Here you have to be careful, this is a train, but it also works on the test, the green boxes are marked with cars.
Segmentation is another algorithm that can be used to understand what is located in the picture. Segmentation tells which class each pixel belongs to. Specifically, in this picture there is a road marking. The edges of the road are highlighted in green, and the cars are slightly different, purple.

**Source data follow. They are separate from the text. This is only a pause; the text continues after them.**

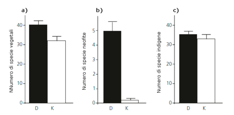 Fig. 5 - Numero di specie vegetali rilevate sulle discariche di residui vegetali (D) e sulle aree di controllo (K) nelle regione di Basilea. a) Numero totale di specie vegetali; b) Numero di specie neofite; c) Numero di specie indigene. I grafici indicano la media e la deviazione standard tra le 20 stazioni esaminate.
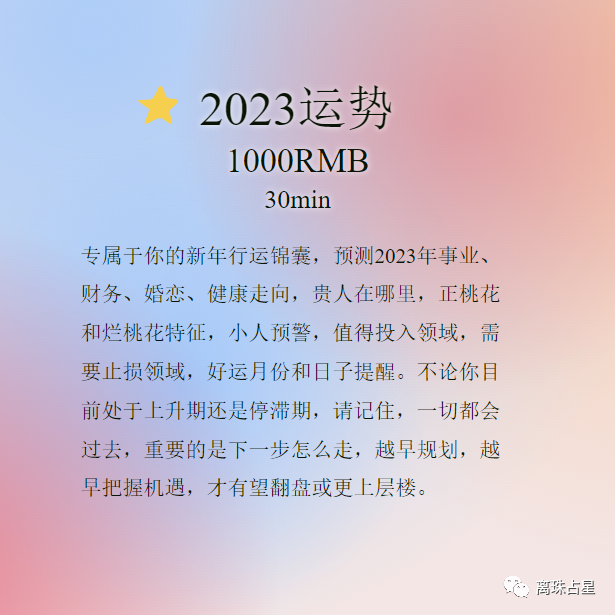如果你想更好地了解自己的潜力和未来机遇,可以找我看一下个人全盘,或者明年的整年运势:
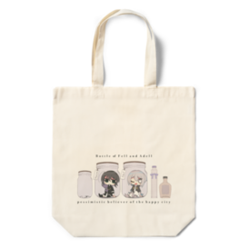この商品はpixivFACTORYで作られた商品です。サンプル画像は完成イメージのため、実物と異なる場合があります。 ――――――――― 自創作『しあわせな街の厭世信者』のフェルとアデルを瓶詰めにしたデザインのエコバッグです。
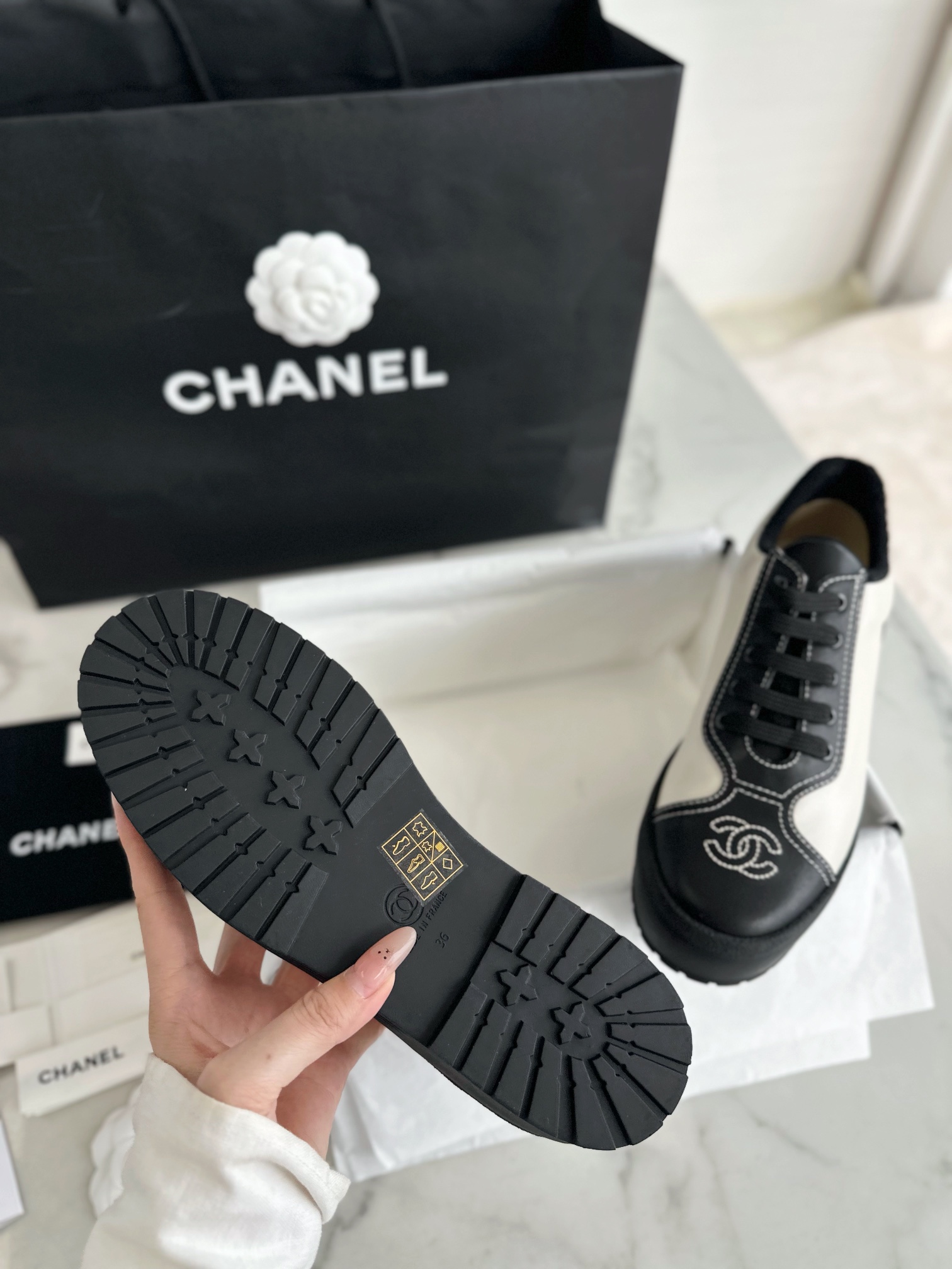 This shoes is AAAAA 1:1 quality (superb). Materials used are identical to the original ones. Chanel trademark marks are indistinguishable to the authentic. Photos take by actual shoes, what you receive will be 100% same with our photos.
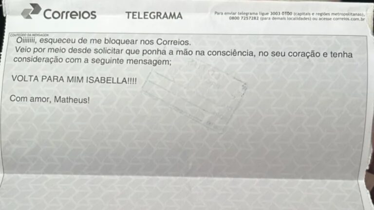 “Esqueceu de me bloquear nos correios”; jovem recebe telegrama do ex-namorado
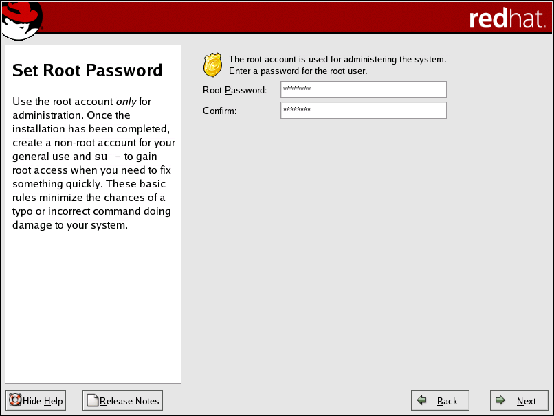 The root password must be at least six characters long; the password you type is not echoed to the screen. You must enter the password twice; if the two passwords do not match, the installation program asks you to enter them again.

Who understands the disadvantages of segmentation in terms of how to do this in motion planning feed? Everything merges. If there are parked cars nearby, then we have one large purple spot of cars, we do not know how many there are. Therefore, there is another remarkable formulation of the problem - Instance segmentation, when you still need to cut different entities into pieces. And we also do this, comrade last week in the top 5 city scapes for instance segmentation came. I wanted to take first place until it works, but there is such a task too. We try to try as many different approaches, hypotheses as possible. Our task is not to write the best object detection in the world. This is necessary, but, first of all, there are new sensors, new approaches. The task is to try and implement them as soon as possible in real life circumstances. We are working on all that hinders us. Slowly we mark the data - we make a system that marks them with the active use of the Toloka service. The problem with the deployment of the car - we figure out how to accelerate it in a unified way.
It seems that the winner is not the one who now has a lot of experience, but the one who runs faster. And we are focused on this, we want to try everything as quickly as possible.
Here is a video that we recently showed, travel in winter conditions. This is an advertising video, but it is clearly seen here, about how unmanned vehicles drive in the current realities (since then another video has appeared - approx. Ed.). Thank.